The next day, at a different place, the water still cost two dirhams, and a metered tuktuk still cost 300 rupees back to the station, and on the third day our vendor, sensing my continuing bafflement at the water’s disproportionately high price, pointed at the label of the bottle stating the same price. I felt like an asshole again. Why was I being so inherently distrustful of people? Yes, tourists are supposed to get ripped off, and to a certain extent, maybe I feel like they deserve to be ripped off. So when the three of us — white guys in tie dye shirts, a look that only old German men in socks and sandals could beat for most obvious tourists — were walking around the streets of Colombo or Hikkaduwa, I just expected to be ripped off at every corner.
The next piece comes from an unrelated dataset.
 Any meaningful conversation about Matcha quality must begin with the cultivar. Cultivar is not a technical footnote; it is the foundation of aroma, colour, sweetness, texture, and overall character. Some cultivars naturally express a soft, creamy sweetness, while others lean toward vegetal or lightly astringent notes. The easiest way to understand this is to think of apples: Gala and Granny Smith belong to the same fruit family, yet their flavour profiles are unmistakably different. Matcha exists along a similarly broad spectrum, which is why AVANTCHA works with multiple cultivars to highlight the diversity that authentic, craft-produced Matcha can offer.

However, over the course of the entire trip, I can only think of two people who really tried to rip us off: a tuktuk driver in Colombo and, more surprisingly, a Buddhist monk at Adam’s Peak. I expected it from the tuktuk driver, since you can never weed out all bad experiences, but the monk? Walking up Adam’s Peak, there are multiple stalls with monks inside, and in exchange for a donation, they tie a little wristband on you and bless both it and you. They have books where you write in your name and your donation amount. At the bottom of the trail, the somewhat compulsory donation seemed to be around 1000 rupees — 25 AED — based on what was written in the book. Somehow by the time people got to the second stall, the donations were all around 2000 or 5000 rupees — the equivalent of 50 or 125 AED — even though my initial impulse would have been to give less. But I looked down again, and thought, really, nobody gave 1000, or even 500? Are people really feeling that generous? Upon closer inspection, I realised that some of the final zeroes looked just a little different from the previous ones on some of the donations – as if they had been written in by the monk himself. The Buddhist monk, arguably a character idealized beyond any reality, was trying to rip people off by guilt-tripping them into giving higher donations.
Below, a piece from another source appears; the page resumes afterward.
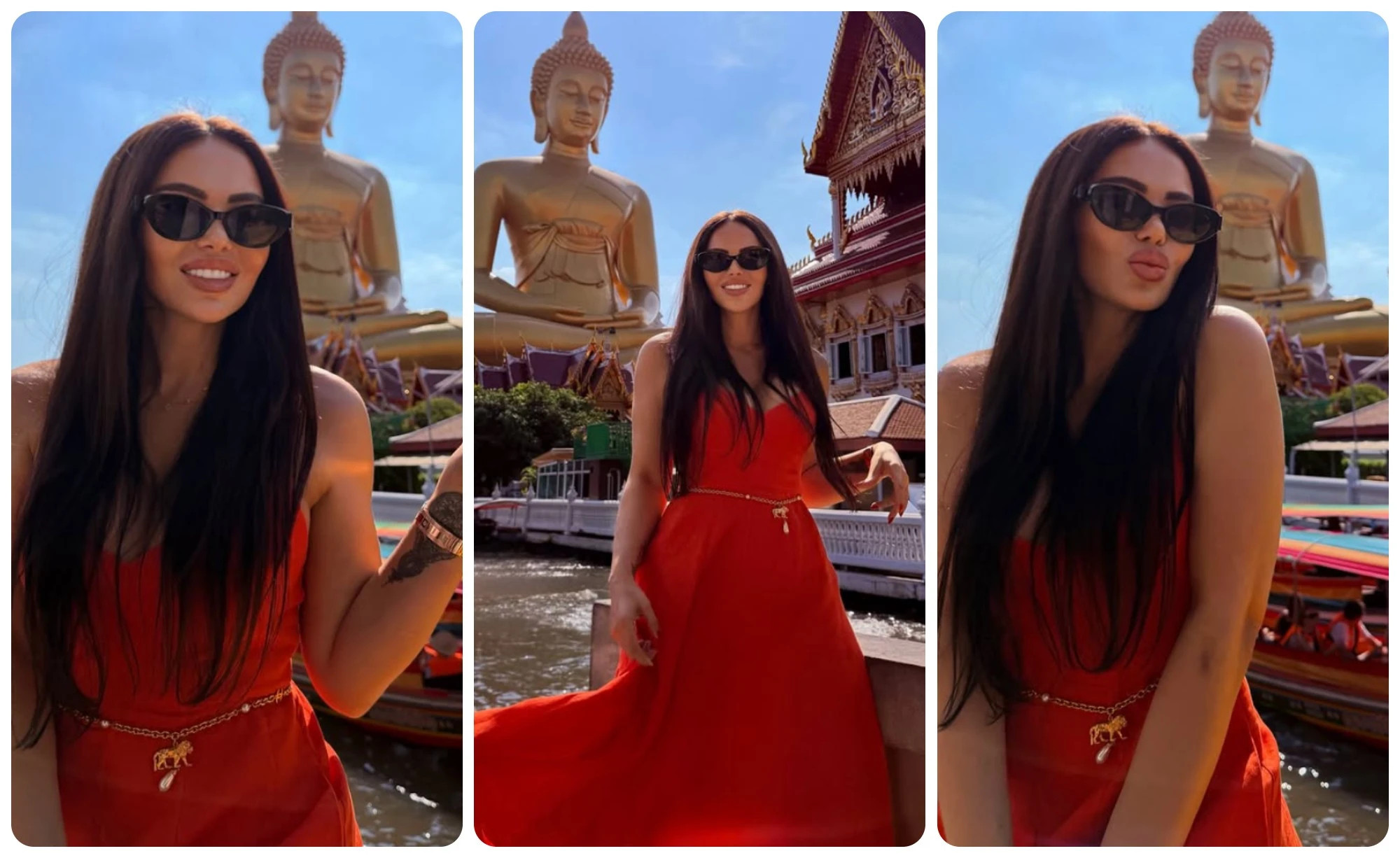 მისი მოგზაურობა კი ამჯერად ბანგკოკში გრძელდება. იგი ახალ ფოტოებს გვიზიარებს, სადაც ცეცხლისფერ კაბაში პოზირებს. როგორც ფოტოებიდან ირკვევა შორენამ ბანგკოკში ყველაზე მაღალი ბუდა მოინახულა: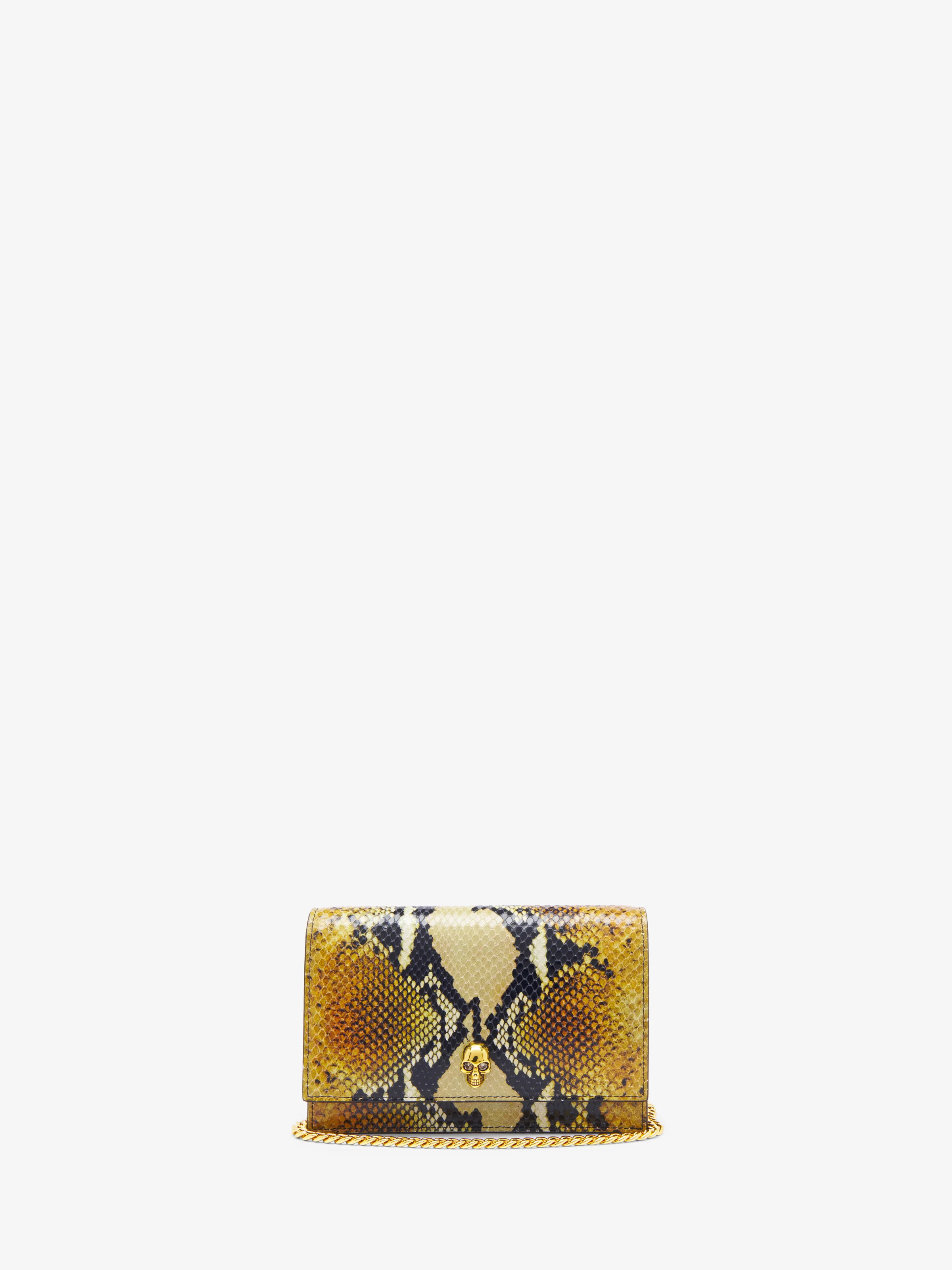 The Small Skull Bag – structured body in calf leather with a python-effect print and a skull-embellished flap. This bag can be worn cross-body with the gold-finished chain strap. Product details - Dimensions: 19 x 13 x 5 cm / 7.4 x 5.1 x 1.9 inches - Magent fastening - One central compartment and one card pocket - Gold-finished chain strap - Accommodates smartphones - Product code: 61308817HB18490 - Made in Italy - Material: Calf Leather

But what I found out was that even though I wasn’t innately distrustful of the monk, as I had been of many of the street vendors, I could still smell the bullshit when it was there. So I guess the moral of the story, if there is any, is that being suspicious at all times can end up letting you down, as you end up feeling bad for not giving people the benefit of the doubt. Of course, still being in the present moment and smelling the bullshit when it’s there is important. I might not be a science major anymore, but I still know two trips is not a good enough sample size to make any generalizations about your chance of being ripped off. But being aware of overpaying, without treating everything and everyone with suspicion is probably a healthier road to take. Of course, this is infinitely easier when you actually know what reasonable prices are. Maybe I’m just advocating for trust and compassion because I have readings about Buddhism for class so often that not even a crooked monk can break my convictions.